Hey Mom, I saw 30,000 ads

Branding products is a key marketing device. Prior to reaching the consumer, new products are branded by marketers in such a way that the public will recognize them.

Name and product recognition results in higher profits and longer staying power in the fickle marketplace. Although this concept is certainly not new, I was unfamiliar with it until I attended a board meeting for volunteers of a local animal rescue group. The more business savvy amongst us discussed how to brand our group to distinguish it from other rescue organizations.

The idea of branding just did not sit right with me. Thoughts came to mind of women who have been literally and figuratively branded for centuries as a mark of disgrace or notoriety. Holocaust victims likewise were branded with numbers on their forearms; those that survived wear indelible reminders of Hitler’s madness. Branding is not a word that would slip easily from my lips.

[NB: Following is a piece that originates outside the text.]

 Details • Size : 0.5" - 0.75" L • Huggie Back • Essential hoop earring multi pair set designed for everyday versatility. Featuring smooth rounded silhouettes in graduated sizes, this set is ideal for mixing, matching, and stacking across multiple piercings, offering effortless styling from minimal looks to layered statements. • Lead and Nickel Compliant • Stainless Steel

After our meeting, I began to think about the myriad of ways children and teenagers are manipulated into purchasing certain brands. From the cradle onward, our culture is bombarded with commercial advertisements. How often do we observe toddlers whining for new toys, special snacks, and sugary cereals? Teenagers harangue parents for the latest brands so they can be the height of fashion. Thousands upon thousands of dollars of hard earned dollars are spent on keeping up with trends.

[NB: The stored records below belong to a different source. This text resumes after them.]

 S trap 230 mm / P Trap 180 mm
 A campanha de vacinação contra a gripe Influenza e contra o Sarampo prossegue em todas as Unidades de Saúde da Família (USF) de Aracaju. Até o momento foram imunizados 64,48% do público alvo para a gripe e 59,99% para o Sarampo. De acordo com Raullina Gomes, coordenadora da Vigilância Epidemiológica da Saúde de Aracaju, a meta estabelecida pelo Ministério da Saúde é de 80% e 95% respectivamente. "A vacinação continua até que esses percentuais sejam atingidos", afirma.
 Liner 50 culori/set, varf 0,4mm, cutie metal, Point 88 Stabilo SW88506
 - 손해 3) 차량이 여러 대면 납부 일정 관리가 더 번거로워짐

Steven Manning, reporting on branding to children for The Nation, wrote an article titled, “Building Brand Recognition in the Classroom and The Fine Art of Nagging.” What parent amongst us cannot relate to their child begging and pleading for a particular pair of jeans or sneakers? According to Manning, in the United State approximately 2 billion dollars are spent yearly on advertising to children. Annual conferences are held that guide businesses on marketing to children. The effect of this is that before a child enters the first grade, he or she will have watched 30,000 advertisements. Studies of teenage behavior have found that they spend more time absorbing commercials than in high school.

It is often easier for parents to give in when a child starts whining and begging rather than to listen their incessant cries. Several years ago, I spent Christmas morning with a friend who was going through a horrific divorce. Her two children were being given two Christmas celebrations lest one parent appear to be more beneficent than the other. Every childish whim was catered to and every product that was successfully branded and hawked in glitzy television commercials landed under that tree. Those children tore open packages and threw new presents on the floor, barely looking that what they had discarded. Mountains of wrappings flew everywhere as my heart broke for these children whose parents were vying for their love through trying to one up each other with gifts.

Marketing techniques have not been lost on the consumer. Teenagers themselves have become ultimate branders. One need only go to websites such as Myspace and Facebook social directories to see how teenagers brand themselves, presenting a front for an audience of their peers. Designed as a method of keeping up with old friends in a mobile society, these sites have become vehicles for users to promote themselves with sometimes-disastrous results. Children and teenagers to differentiate themselves from one another now use branding.

Joyce Hulett, a contributing writer for the Columbia, Missouri Daily Tribune, has the right idea. Children should be taught that people matter more than possessions. When parents obsess over material items, they transfer this value on to their children. Time could instead be spent speaking about friends, positive role, models and humane values. This change in attitude would not happen immediately but with persistence a less materialistic child and, ultimately, a happier one would emerge.

At my learning center in New York we had this wonderful poem on the door.

To be nobody but yourself in a world which is doing its best, night and day, to make you everybody else means to fight the hardest battle which any human being can fight; and never stop fighting. ~e.e. cummings, 1955

The Bard knows and we would be well to teach and adhere to his words.